BEGIN
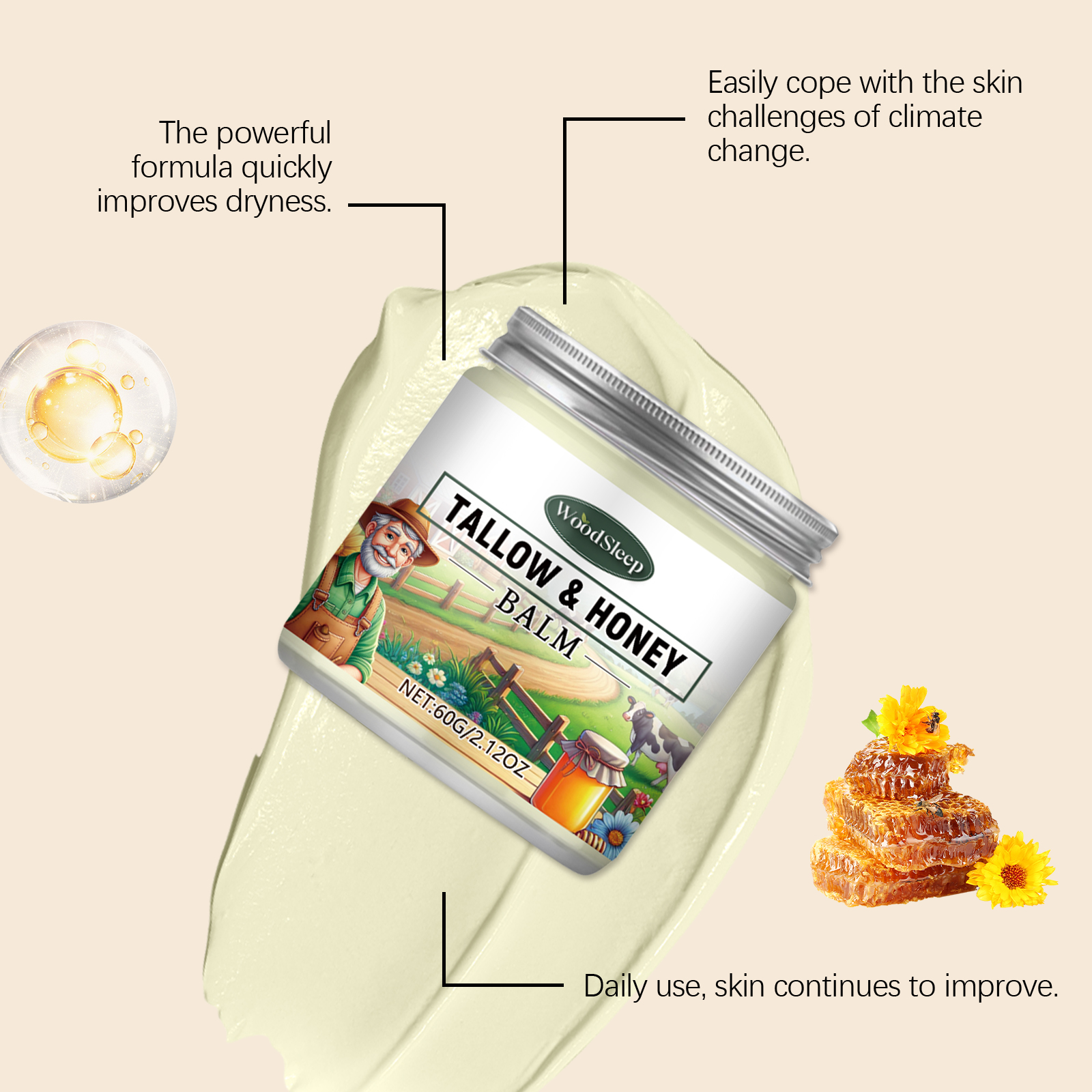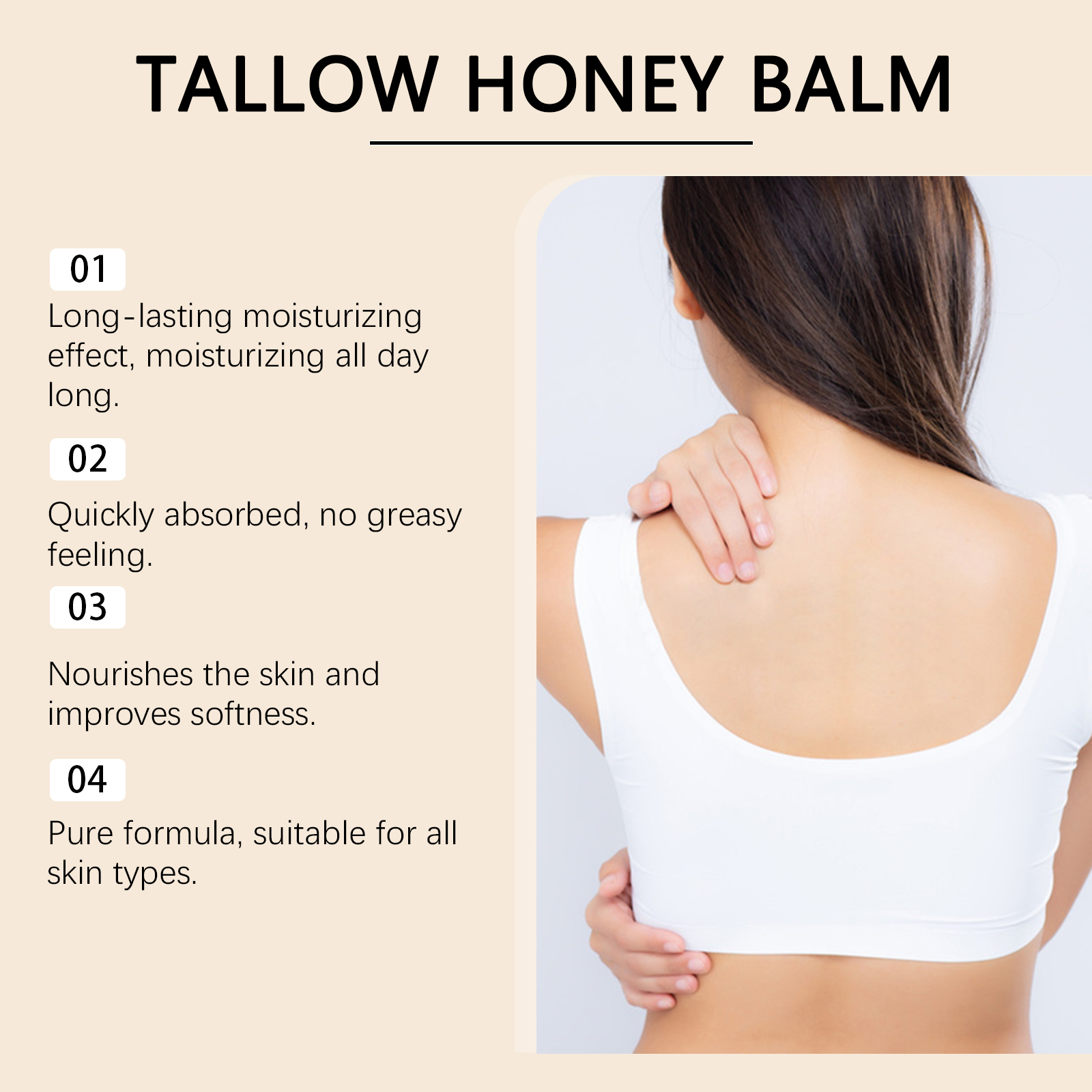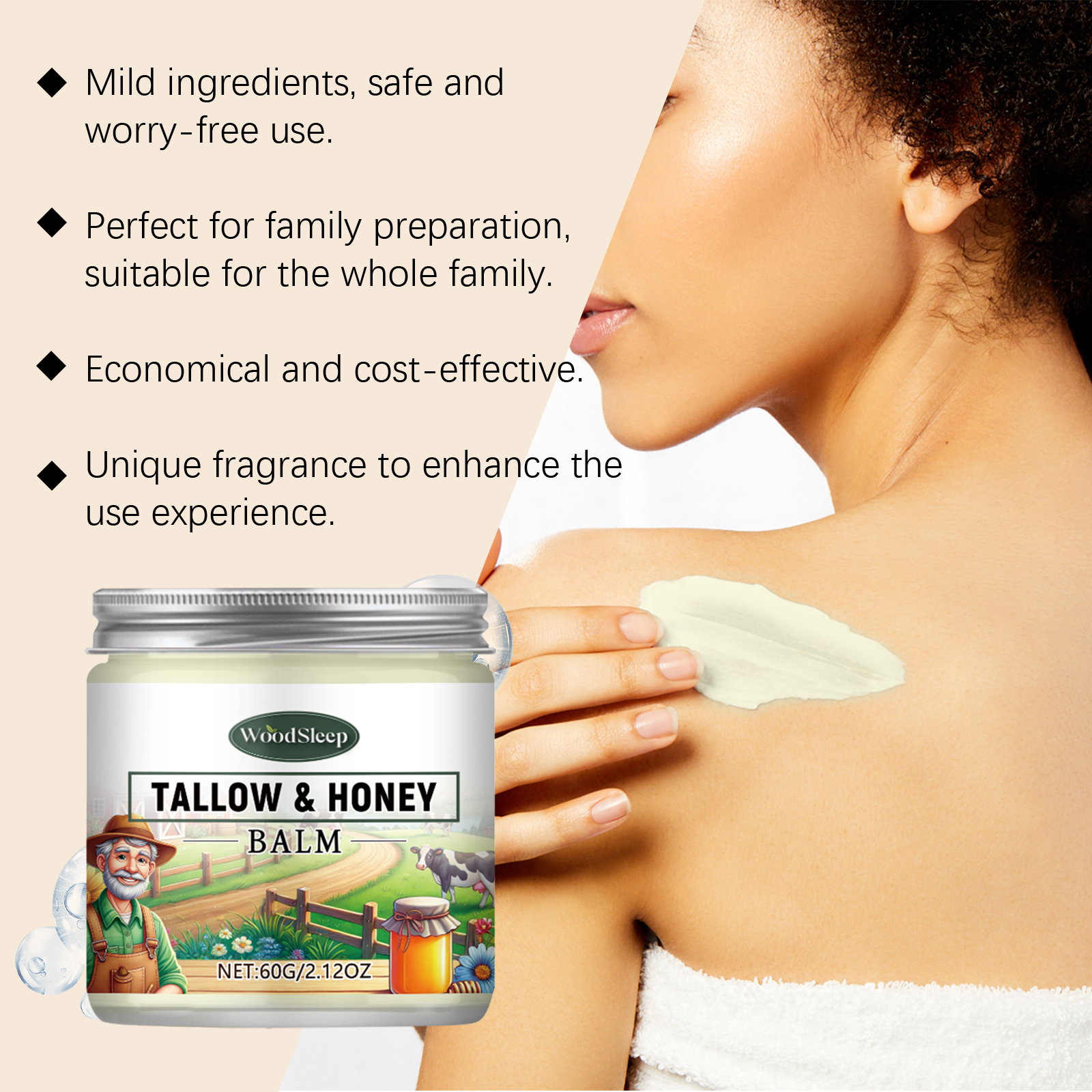 我们的牛脂蜂蜜保湿霜,由甘油、鲸蜡硬脂醇、甘油硬脂酸酯精心调配而成。专为有效锁住水分,使皮肤长时间保持滋润设计。使用方法极为便捷:清洁并擦干皮肤。涂抹适量于身体。轻轻按摩以促进吸收。并且天然成分带来不可思议的柔软和细腻触感。适合频繁使用且无刺激性。
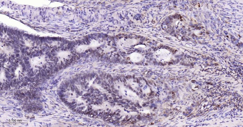Immunohistochemical analysis of paraffin embedded Human colon cancer tissue slide using IHC0622H (Human phospho-P38 MAPK (T180) Kit).
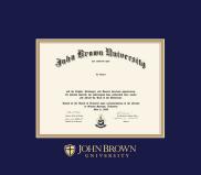 John Brown University Diploma (6/25 to Present) Frame with Navy Blue and Gold Double Mat and Gold Embossing(Approximate frame size 17 x 19 inches)
END
* _WHAT IS EXPECTED_
Starting at the line that contains "Immunohistochemical analysis of", retype each line through the final one in the listing, with both ends kept and the pictures omitted.

* _YOUR RESPONSE_
Immunohistochemical analysis of paraffin embedded Human colon cancer tissue slide using IHC0622H (Human phospho-P38 MAPK (T180) Kit).
 John Brown University Diploma (6/25 to Present) Frame with Navy Blue and Gold Double Mat and Gold Embossing(Approximate frame size 17 x 19 inches)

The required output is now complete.